Well, first, actually, they discovered that schizophrenia, as opposed to the mood disorders, had no seasonal variation, which is a fact worth knowing.
They then determined that admission rates for bipolar or unipolar depression were highest during the winter months, with a peak in December.
And. . . .drum roll please. . . .
admission rates for bipolar mania were highest during the spring and summer months, with a peak in June, and lowest during the winter months, with a trough in December.
I know. It’s a little bet of a let-down. Weren’t you almost kind of hoping they’d have found that there was a mania run on the hospitals in February, just to stimulate some deep thinking?
Not to be.
As we’ve seen, different studies have indicated variable peak times for the psychiatric admissions, with some tending towards later spring, others smack in summer’s center, and some even leaning towards late summer. But they all tend to have overlap around the months of June and July.
So, in short, whether you’re an ancient Greek, or you hail from North Africa, or you’ve spent your days in sub-tropical climates, or you’ve lived in the land down under–or you’re just from around the block in Chicago–when spring rolls in to summer it’s time to make sure you have a heightened awareness to any manic symptoms you might exhibit.
Mood charting will help, or tracking your sleep, or setting up some extra appointments with your psychiatrist.
It’s worth the effort. Summer should be a time of beach novels and dahlias and lazy nights drinking ice tea in the back yard hammock while being devoured by mosquitos.

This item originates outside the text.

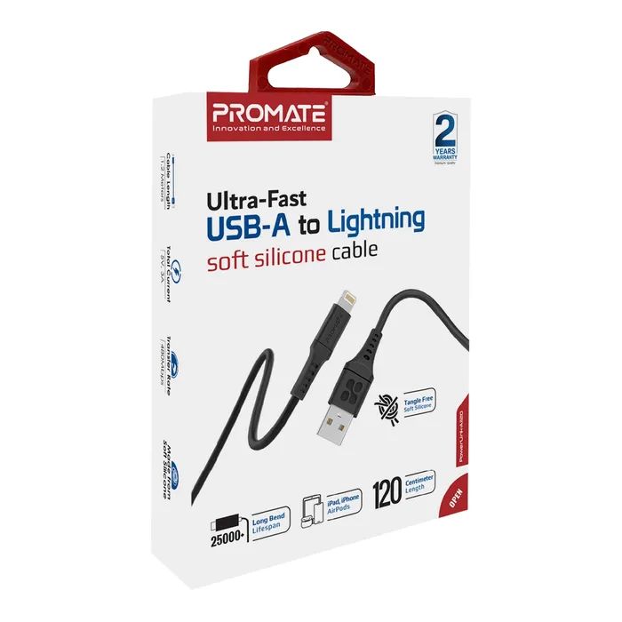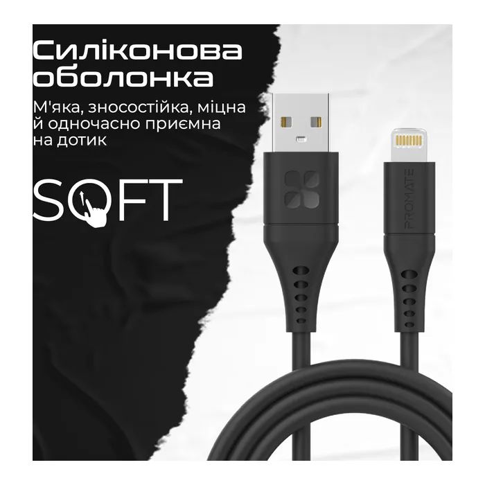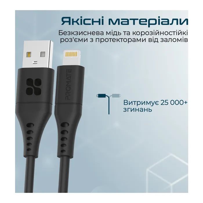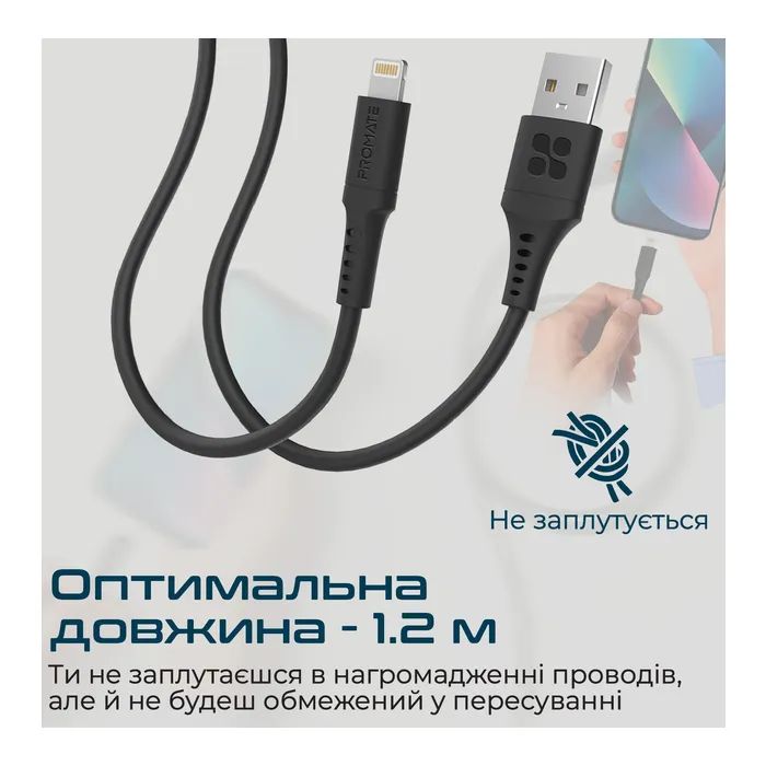 Дата кабель USB 2.0 AM to Lightning 1.2m 2.4A black Promate (powerlink-ai120.black)

Don’t let it be a time of a hospital admission that will make you just another statistic in the seasonal mania pattern.
REFERENCES
Amr M, Volpe FM. Seasonal influences on admissions for mood disorders and schizophrenia in a teaching psychiatric hospital in Egypt
Journal of Affective Disorders 2012; 137(1):56-60.
Christodoulou GN, Ploumpidis DN, Karavatos A, Eds. Anthology of Greek Psychiatrist Texts. Athens: BETA Medical Publishers, 2011.
Hare EH, Walter SD. Seasonal variation in admissions of psychiatric patients and its relation to seasonal variation in their births. Journal of Epidemiology and Community Health 1978; 32:47-52.
Torrey EF, Knable MB. Surviving manic depression: A manual on bipolar disorder for patients, families, and providers. NY: Basic Books, 2005.
Volpe FM, Del Porto JA. Seasonality of admissions for mania in a psychiatric hospital of Belo Horizonte, Brazil. Journal of Affective Disorders 2006; 94(1-3):243-8.